If you treat the array as a regular parameter, you will get a null index.
$ echo "$baz" element0 $ echo "$bar"
If you use quotation marks or backslashes to prevent the creation of words, the array will support a given set of words:
$ foo=( 'elementa bc' 'def' ) $ echo "${#foo[@]}" 2
The main difference between arrays and positional parameters:
- Positional parameters are not sparse. If
$12 installed, you can be sure that $11 also installed. (It can be set to an empty string, but $# will not be less than 12.) If "${arr[12]}" , there is no guarantee that "${arr[11]}" set, and the array length can be as small as 1. - The zero element of an array is uniquely the zero element of this array. In positional parameters, the null element is not the first argument, but the name of the shell or shell script.
- In
shift you need to slice and reassign it, for example arr=( "${arr[@]:1}" ) . You can also do unset arr[0] , but that will do the first element at index 1. - Arrays can be implicitly divided between shell functions as global, but you must explicitly pass the positional parameters of the shell function to see them.

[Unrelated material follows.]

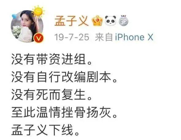 气得孟子义从业生涯头一回怒挂黑评,强调了好几遍她真没加戏不说,还把《陈情令》从自己的微博简介里删掉了,直到今天这条回应都挂在孟姐的微博置顶。
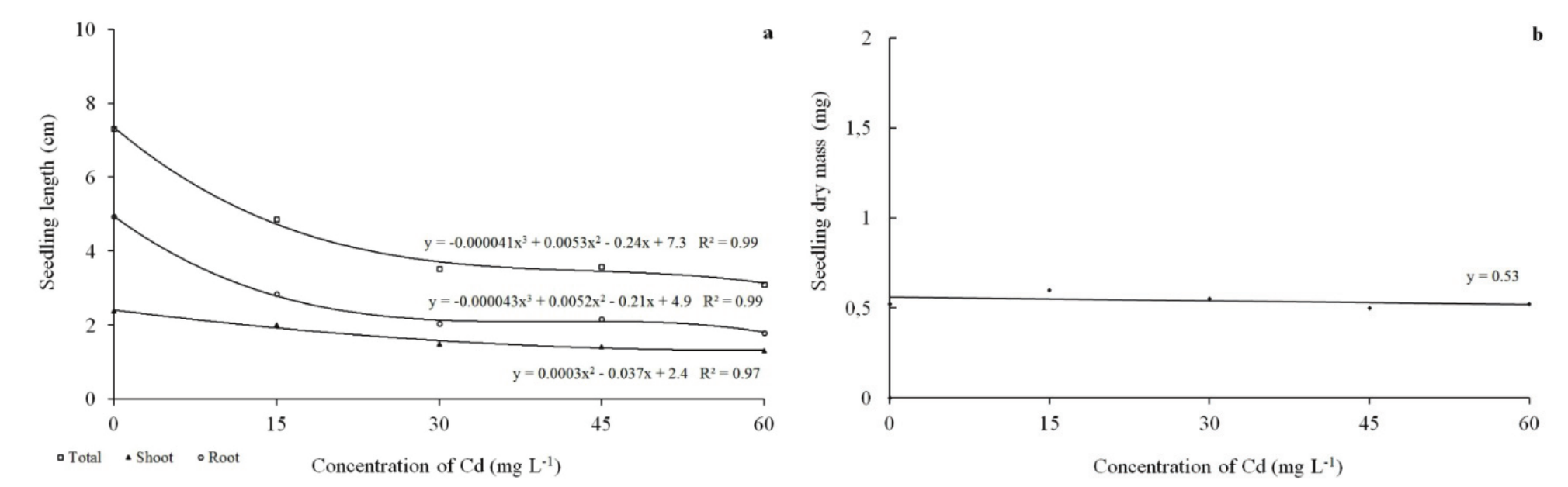 Similar results were obtained by El Rasafi et al. (2016) for bean seeds exposed to 10 to 1000 mg L-1 of Cd. The authors verified that this metal significantly affected seed germination starting at 50 mg L-1. In the same way, Ahmad et al. (2012) studied the tolerance of wheat seeds to Cd (0 to 80 mg L-1) and observed a significant reduction in the percentage of normal seedlings starting at 20 mg L-1. In addition, Gharebaghi et al. (2017) evaluated the response of basil (Ocimum basilicum) to Cd treatments (0 to 20 mg L-1) and verified that germination was inhibited compared to the control. According to El Rasafi et al. (2016), inhibition by toxic metals depends on the concentration used, the metal itself, and the plant species. The effect of toxic metals can also be influenced by the ability of a metal to interact with the tegument and embryo tissues of the seeds of different species and depends the physical-chemical properties of these elements. Different plant species have varying types of seed teguments, structure and anatomy; therefore, among species, the same concentration of an element can have different toxic effects (Ko, Lee, & Kong, 2012).

It is often convenient to use pathname extensions to create arrays of file names:
$ dirs=( */ )
Teams
Teams are key, but they are also covered in more depth than I can in the manual. Read the SHELL GRAMMAR section. Various teams:
- Simple commands (e.g.
$ startx ) - Pipelines (e.g.
$ yes | make config ) (lol) - Lists (e.g.

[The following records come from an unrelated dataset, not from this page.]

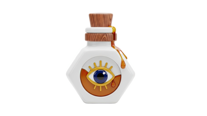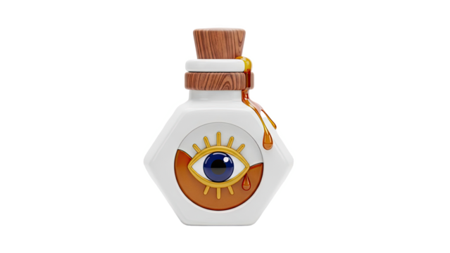 Hexagonal Potion Bottle with All-Seeing Eye and Dripping Amber Liquid
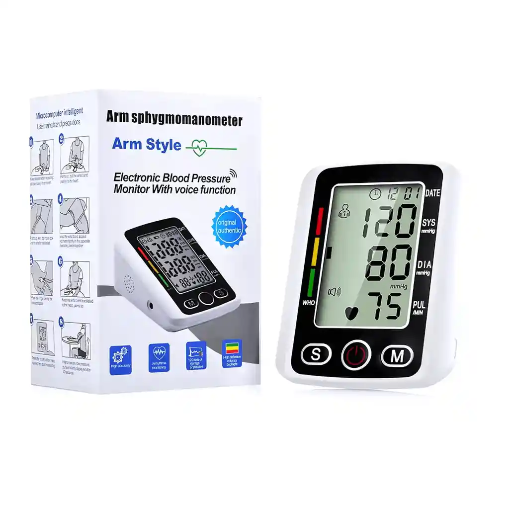 • TOMA PRESIÓN DIGITAL AUTOMÁTICO • GRAN PANTALLA LCD • INDICADOR DE FECHA Y HORA • ADVERTENCIA DE BATERÍA BAJA • AUTO APAGADO DE 30 SEGUNDOS • INDICADOR DE ULTIMAS LECTURAS DESCRIPCION: Controla tu salud fácilmente con el Tensiómetro Digital . Diseñado para mediciones precisas en el brazo, cuenta con función de voz y estuche incluido para mayor comodidad. Ideal para monitorear tu presión arterial en casa de forma práctica y segura. CARACTERISTICAS: ✔ Medición automática y precisa en el brazo. ✔ Detección del nivel del corazón para mayor exactitud. ✔ Función de voz para una experiencia más accesible. ✔ Registro de últimas mediciones para un mejor seguimiento. ✔ Apagado automático y alerta de batería baja.
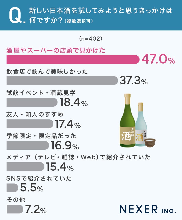 新しい日本酒を試すきっかけとして最も多かったのは「酒屋やスーパーの店頭で見かけた」で47.0%でした。次いで「飲食店で飲んで美味しかった」が37.3%、「試飲イベント・酒蔵見学」が18.4%と続きました。

$ grep -qF foo file && sed 's/foo/bar/' file > newfile ) - Compound commands (e.g.
$ ( cd -P /var/www/webroot && echo "webroot is $PWD" ) ) - Co-processes (complex, without example)
- Functions (Named compound command that can be thought of as a simple command)
Execution model
Of course, the execution model includes a bunch and a stack. It is endemic to all UNIX programs. bash also has a call stack for shell functions, visible through a nested use of the built-in caller .
Literature:
Please comment if you want me to expand further in a certain direction.